Cronache

Visso, a tre anni dal terremoto un paese spettrale. Dimenticato pure da Dio

Siamo andati a Visso, in provincia di Macerata. Un paese distrutto dal terremoto di tre anni fa. Una realtà spettrale che mette i brividi.

Visso, a tre anni dal terremoto un paese spettrale. Dimenticato pure da Dio

Adagiato in una conca dell’alta valle di Nera, in provincia di Macerata, tra Camerino e Foligno, se ne sta uno dei Borghi più belli d’Italia. Visso distrutto dal terremoto. Situato nel centro del nostro Paese, nel cuore di quell’Italia che pulsa, Visso è dimenticato da tutti. Dimenticato da Dio. Dagli uomini. Dallo Stato. Dal Governo. Gli unici che sopravvivono sono alcuni abitanti, chi a Visso ci sono nati e cresciuti e che sanno che moriranno in una branda data dallo Stato.

Perché Visso è uno dei paesi più colpiti dal terremoto di tre anni fa. Insieme ai vicini Ussita e Castelsantangelo sul Nera, ancora, dopo tre anni, le cose non sono cambiate. Il terremoto che sembra sia stato ieri, ha distrutto tutto. Un paesino di 1061 anime che sta lentamente sparendo. La gente accatastata ancora dentro alle casette se ne sta andando. Chi ha la fortuna cerca riparo altrove, va al Nord, va a studiare in città e poi si trasferisce là. Ma chi non ha più niente, chi non ha più una casa, più un lavoro, più una piazza, chi non ha più le proprie abitudini e non ricorda nemmeno quanti anni ha, fa fatica a prendere e andarsene.

Le persone alcune, hanno gli occhi fermi. Spenti. Infreddoliti. Vivono in perenne attesa. Nella speranza che cambi qualcosa. Che quel piccolo paesello crocevia verso la strada che porta a Roma possa ripartire. Ma senza l’aiuto di qualcuno, Visso non riparte.
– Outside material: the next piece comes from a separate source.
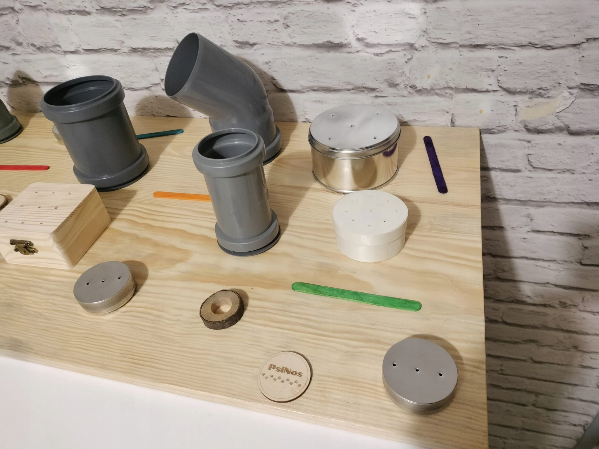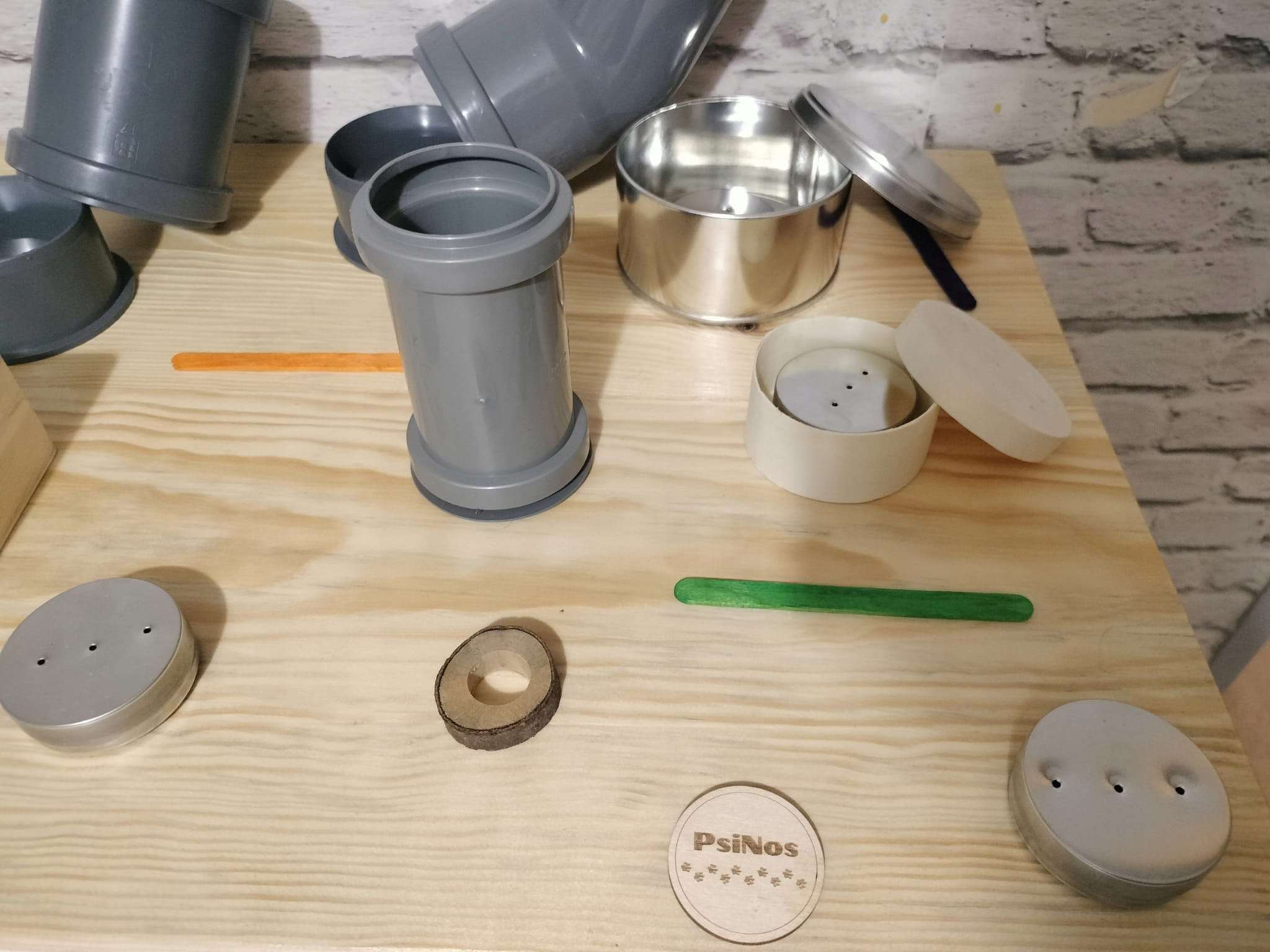 Produkt zawiera 28 elementów, w tym 21 elementów przytwierdzonych do powierzchni oraz 6 wymiennych puszek, które umożliwiają różnorodne ćwiczenia i wyzwania. Dodatkowo, 1 drewniany patyk z magnesem pozwala na bezdotykowe wyciąganie puszek z zapachami.

Visso è un piccolo borgo dalla storia ricca e antica e a 607 metri sul livello del mare, se ne sta attorniato dai verdi Monti Sibillini. Inserito tra le bandiere arancioni del Touring Club Italiano, ora Visso è un paese spettrale. Un paesaggio lunare. Sembra uno di quei paesi dove è appena finita la guerra. Tutto fermo. Immobile. Un silenzio angosciante regna nel centro.

Accediamo alla Zona Rossa accompagnati dall’unico vigile urbano del comune, Ernesto Martini. Il giro dura un paio d’ore, e ogni volta rivedere quelle immagini fa un male cane.

Tutt’intorno ci stanno solo macerie. Nient’altro che macerie. Detriti. Calcinacci. Case sventrate. Porte aperte. Vetri infranti. Ancora dentro le abitazioni squarciate dalla furia del terremoto - la più violenta scossa il 26 ottobre di tre anni fa - ci stanno gli oggetti personali delle persone. Mobili ribaltati, gettati in mezzo ai calcinacci, tovaglie a quadri, abat- jour che pendono nel vuoto, cassettoni di biancheria, coperte, lenzuola. Ancora si vede la gente, dopo tre anni andare a prendere la propria roba, caricarla dentro a dei sacchi o a delle cassette e portarla fino alle casette. Quelle casette che lo Stato ha dato a questa povera gente che sa che lì dentro ci morirà.

Incontriamo il sindaco del paese, Gian Luigi Spiganti Maurizi. Attualmente gli sfollati sono ancora oltre 800 e la ricostruzione ci spiega “è ferma al 2016, 2017”. A tre anni dal terremoto ancora sono presi così. Non c’è più niente. Tutto distrutto. Solo macerie. Il 92 per cento degli edifici è inagibile. Il turismo non riprende. Alberghi. Hotel e ristoranti chiusi. Le case, hanno detto le persone, saranno ricostruite tra 20 anni.

Anna Rita Mocci, una donna che incontriamo durante il nostro reportage, di anni ne ha 67. Lei chiede che venga messa una chiesetta dove ci stanno le casette.

E lei è una di quelle che si sveglia tutte le mattine e vede queste case completamente distrutte.